As an early writer on CCTV and occasional peer reviewer for Surveillance and Society I clearly have a theoretical interest in these matters but I was also piqued by the mention that the blogger makes of installing the CCTV system to check on the cat.  I feed a friend’s cat occasionally whilst they are away.  I have got used to dealing with the burglar alarm (note to burglars reading, I don’t currently have one) and was only slightly bemused when a small camera was added to the system.  I am used to one of them pulling out their smartphone and treating me a to a view of their kitchen and guess they may one day spot me in their kitchen feeding their cat (I will be sharing this blog with them on social media).

The article has some interesting things to say about surveillance, including sousveillance but the most significant thing is what they don’t say.  And this has caused me some ethical concerns.

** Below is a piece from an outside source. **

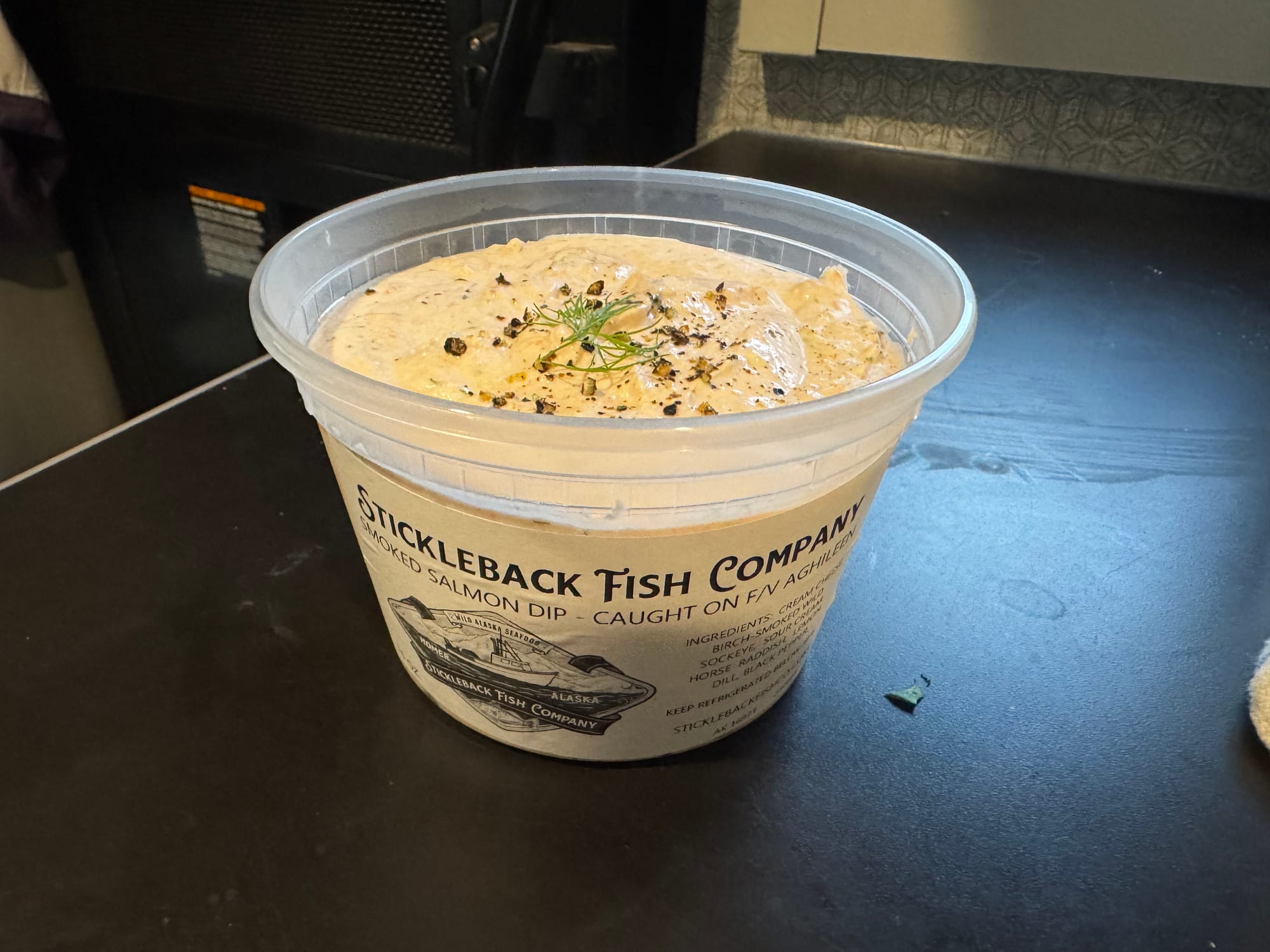 Before we left Homer, we had to return to Stickleback Fish Company for another tub of their smoked salmon dip. It is even better than the one we got at Jerry's Meats and Seafoods in Juneau. Greg waited a few minutes for Stickleback to open; when they did, he asked to buy "another container of salmon crack". It's very good and extremely addictive.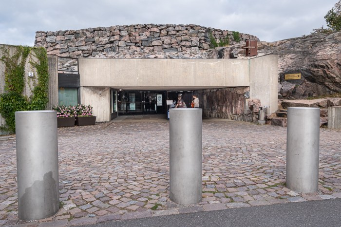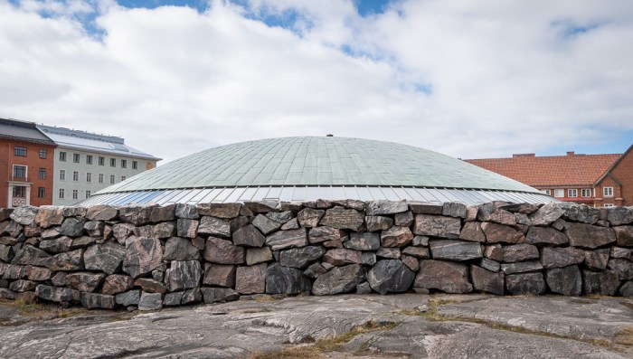 Nur wenige hundert Meter davon entfernt liegt die berühmte Tempelkirche, uns eher bekannt als Felsenkirche. Die Finnen hingegen nennen sie Temppeliaukion kirkho. Mit ein wenig Übung geht euch das bestimmt genauso schnell über die Lippen wie uns. Die von außen kaum sichtbare Kirche wurde auf spektakuläre Weise in den finnischen Granit gesprengt.

Earlier I adverted to the blog.  I had found this because on reading the intro I searched for the news story and found the blog.  On reading further in the article I found they refer to the blog and see they cite (Lind I (2014).  The blog clearly refers to the wife’s name being ‘Meda’ so I am guessing that she, the criminologist co-author, was the burglary victim.  Obviously criminologists are victims of crime.  James Q Wilson might chuckle to see she had her powerbook stolen.  But why does she not mention it?  Academic conventionality or some sense of privacy? 

So I am worried that I have now breached her privacy but hope in doing so I’ve illustrated further the polymorphousness of the internet.

A search reveals no stories under ‘Criminologist Burgled’ which suggests her local media is missing a trick.